GV athletics becoming a brand of their own

Brady Frederickson

Eric Coulter

Brady Frederickson

Brady Fredericksen

Summertime in Allendale, a season filled with construction and preseason football practice. What that actually means is I don’t have any sports to inform or make you chuckle about. What I can do is make a friendly gentleman’s bet with you.

I also want to point out that I’m not a gambling man – I’ve been to a casino once, and I lost all of my money in two hours – I’d say I’m just a guy who’s confident with an idea.

Anyway, here’s the deal: I bet you by 2021, ten years from now, that the Grand Valley State University athletic brand won’t be limited to Michigan.

I’m not saying GVSU is an enigma to the rest of the country, but relatively speaking, it’s a midwest affair. A brand is something well-known, something that people can associate with something.

Ohio State and USC are brands, but they’ve gone from being known for winning to being known for being slimy and secretive cheaters.

GVSU is known for winning, and for being the ultimate sports program in Division II- shown by their NCAA-record eight straight Directors’ Cup.

They’re also clean as a whistle. Outside the recent Zach Breen controversy, you can’t think of another negative about athletics here. The GVSU brand is something that’s not only significant now, but has and will grow into something much bigger in the next decade.
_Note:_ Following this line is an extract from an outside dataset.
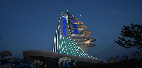建筑主體采用流線型鋼結(jié)構(gòu),以抽象化的帆船造型呼應(yīng)“乘風(fēng)破浪”主題。藍白雙色設(shè)計中,深藍基座象征海洋底蘊,漸變的白色帆體展現(xiàn)破浪而上的動勢。寓意著鹽城港人腳踏實地、堅守初心,向著未來奮勇逐夢、揚帆遠航。當夜幕降臨時,LED燈帶沿結(jié)構(gòu)輪廓逐層點亮,在港區(qū)門戶形成鮮明的視覺標識。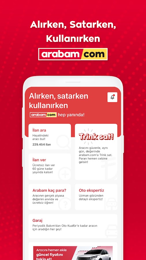 Загрузите мобильное приложение Arabam.com прямо сейчас, чтобы опубликовать свое объявление на крупнейшем автомобильном сайте Турции и купить автомобиль своей мечты.

Look no further than the recent 2011 Major League Baseball First-Year Player Draft for evidence. GVSU’s Cody Grice, a junior outfielder, was drafted in the 12th round by the New York Yankees.

Like them or not, being drafted by the Yankees is a big deal, and if Grice can work his way up to the big leagues in the next few years it will be an even bigger success for both the GVSU baseball program, and GVSU athletics as a whole.

He’s not going to wow you with his stats, but Grice is more than capable of developing into a useful big league player. For a good comparison, look no further than the Yankees’ current big league centerfielder, Brett Gardner. Gardner is a speedster who can make up ground fast defensively and wreak havoc on the base paths. Grice may not be the pure speed player Gardner is, but he could be a bigger and more powerful-hitting version.

The Yankees drafting of Grice is just one of many professional successes for GVSU athletes.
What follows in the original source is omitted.